If they are successful in self-driving cars their valuation will go through the roof. And they dont have to be successful at it themselves. If anyone else is successful they will be able to use it.
Also Uber can provide services cheaper than regular taxis. They dont maintain the fleet, they dont have to buy insurance…they have no other cost except for the payment to drivers. I am sure the even at 50% of the regular taxi fare one can make money…
If Uber cuts subsidies, then will drivers still drive for them? There are a ton of services where people use their car to drive or deliver stuff. They all lose money at impressive rates.
Those cars, while old and unattractive, are safe, approved, and work. It is all about doing the bare minimum to provide safe transportation with minimum maintenance costs, thereby maximizing profit (you know, that thing needed for companies to exist).
Uber is double dead, in that:
- they subsidize current rates and lose money hand over fist
- even with the subsidies, drivers barely make minimum wage, once you account for maintenance.
If the subsidies go, it won’t make any sense to drive for uber. Turns out putting 200K miles a year on your car is quite costly to the average joe.

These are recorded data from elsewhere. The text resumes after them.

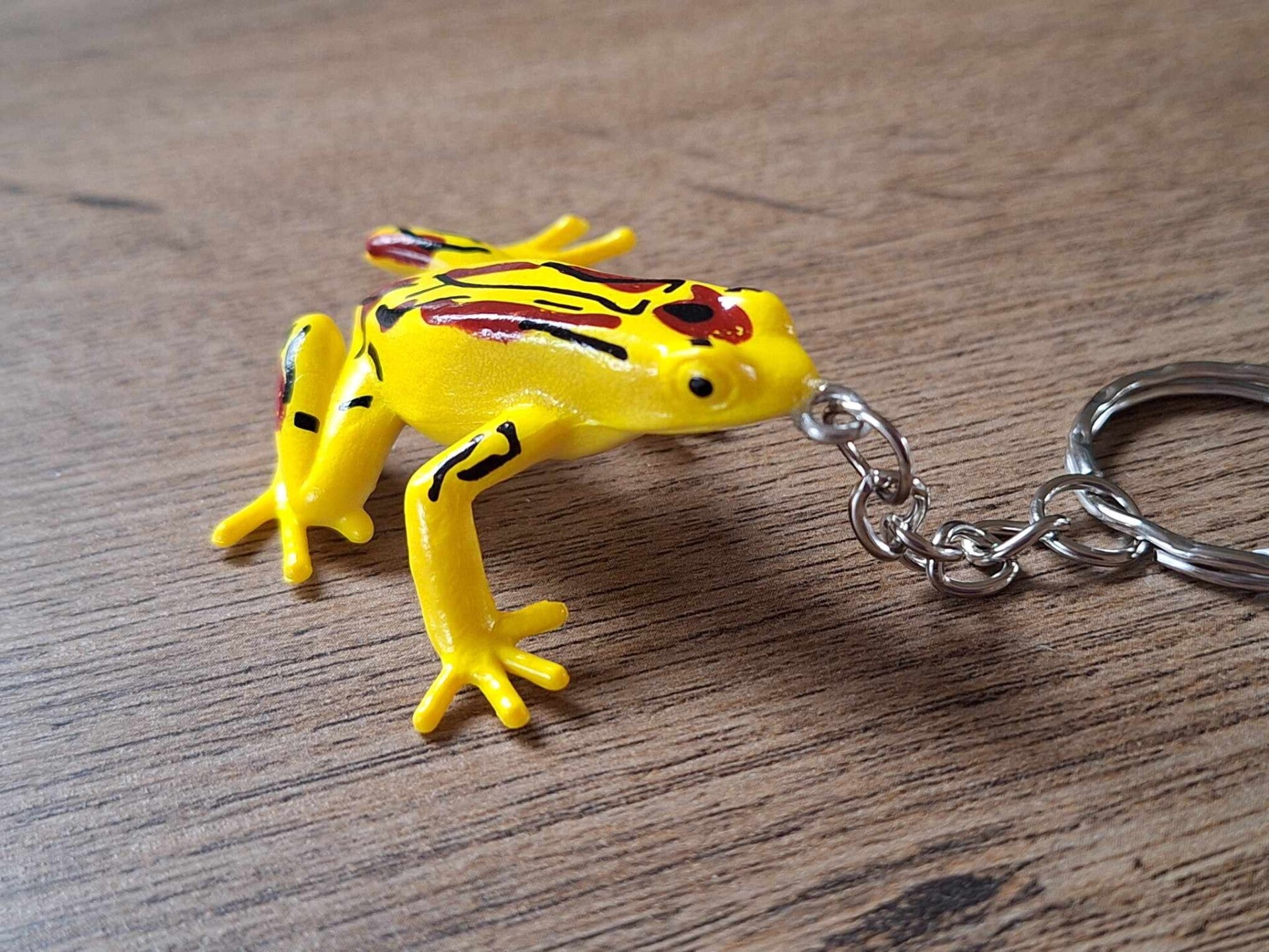 Leuk om aan een sleutel of tas te hangen, of als cadeau te geven.De sleutelhanger is handgemaakt met een leuk dier figuurtje : Kikker !!Het figuurtje is ongeveer 4,5cm hoog en ongeveer 5,5cm breed.Materiaal : pvc.
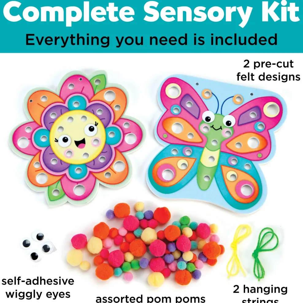 Preschool age kids will have fun discovering colors and sizes as they witness butterfly and flower friends come to life through this engaging art activity. Tailored for toddlers, interactive “pop & push” pom pom kit requires no glue, ensuring less mess, more fun and allowing for repeated use! 2 illustrated, soft foam felt boards securely hold brightly colored pom poms in place.
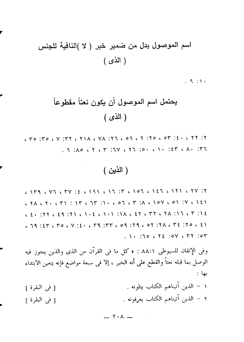 وفي الإتقان للسيوطي 1: 88: «كل ما في القرآن من الذي والذين يجوز فيه الوصل بما قبله نعتًا والقطع على أنه الخبر، إلا في سبعة مواضع فإنه يتعين الابتداء بها:
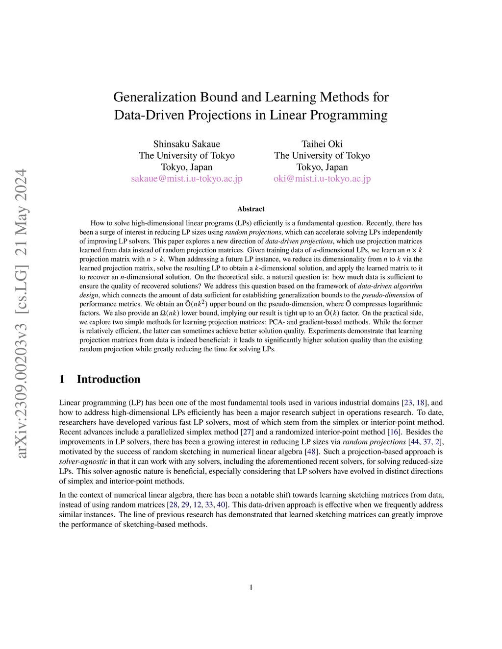 Generalization Bound and Learning Methods for Data-Driven Projections in
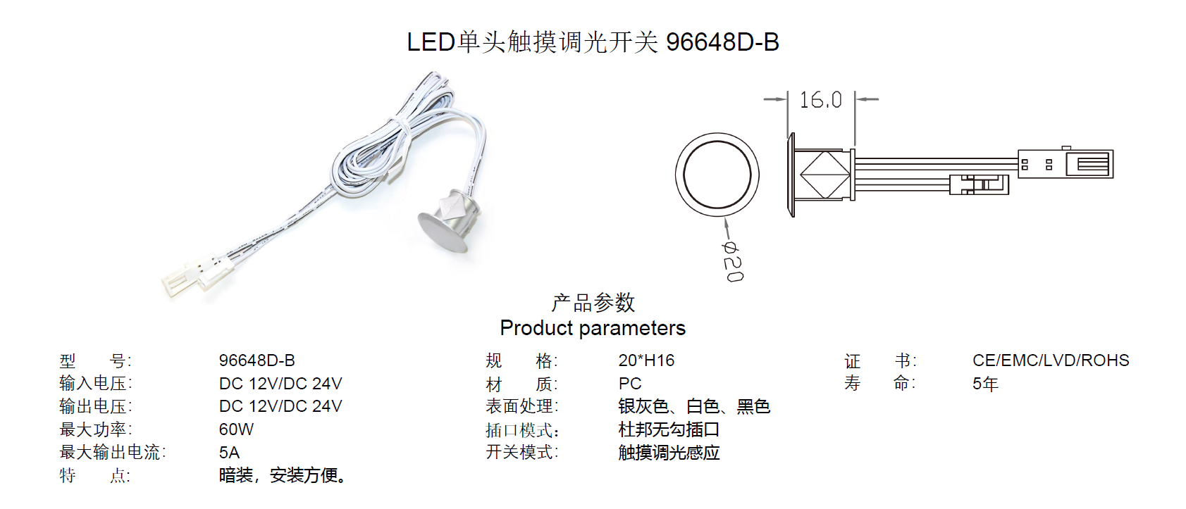 LED單頭觸摸調(diào)光開關(guān) 96648D

Uber’s model doesn’t change with more scale (more drivers). The math doesn’t work at any scale. There are no fixed costs to amortize. This has been pointed out countless times for the past several years, but for some reason folks ignore it.
I don’t have an opinion on either side==taxi vs. uber–except that Uber should not be investing in self-driving cars at this point. That’s research right now and research is Uber expensive. To survive, Uber needs to be mean and lean and taking over the taxi industry, not doing research. Those self-driving cars probably cost $50M each right now. In 5 years, they might be $100K each. Huge difference, and they should let someone else shoulder the bill.
Yeah, but then how would they justify 60B market cap?
They are playing VC’s game.
The same can be said for twitter and square.
If jack kept them lean and mean, both companies should be running fine (but not with the current market cap)
They have to lead the research. Between Google, Apple and other tech companies (not the auto companies) that are doing the research, Uber stand to gain the most. For Uber it has a direct relevance to its current business.
I will rest my case. Just to summarize, Uber is not losing money in each ride. These rides even at 50% of what the current regular Taxi ride cost are profitable for Uber. Uber is losing money as its working on expanding two sided market globally in a winner takes all scenario. Once both sides of the market level up they dont need to pay “large” incentives. They are making ~6 Billion in revenues annually and have already captured a large percentage of current market, and expanded the market as well.
Uber has a great upside and little downside. The business model works. The current bleed is for claiming the potential upside, not for survival.
More than 250 people have died climbing the mount Everest. And their deaths mostly aren’t when they are going up, but when they are going down after achieving such prodigy.
I hope you find a comparison with the economy here.
I was bullish on Uber until I learned of its dysfunctional and toxic corporate culture. Economics can be changed on a dime. Culture is fully baked in.
I disagree. Either Uber is there to take over the taxi industry or it’s there to make a self-driving car. These are two different things. And if Google has already started down that road, why duplicate the effort? Better to let Google buy Uber once Google has developed its self-driving car to make a profit on it using Uber’s customer base. That would be a win-win situation.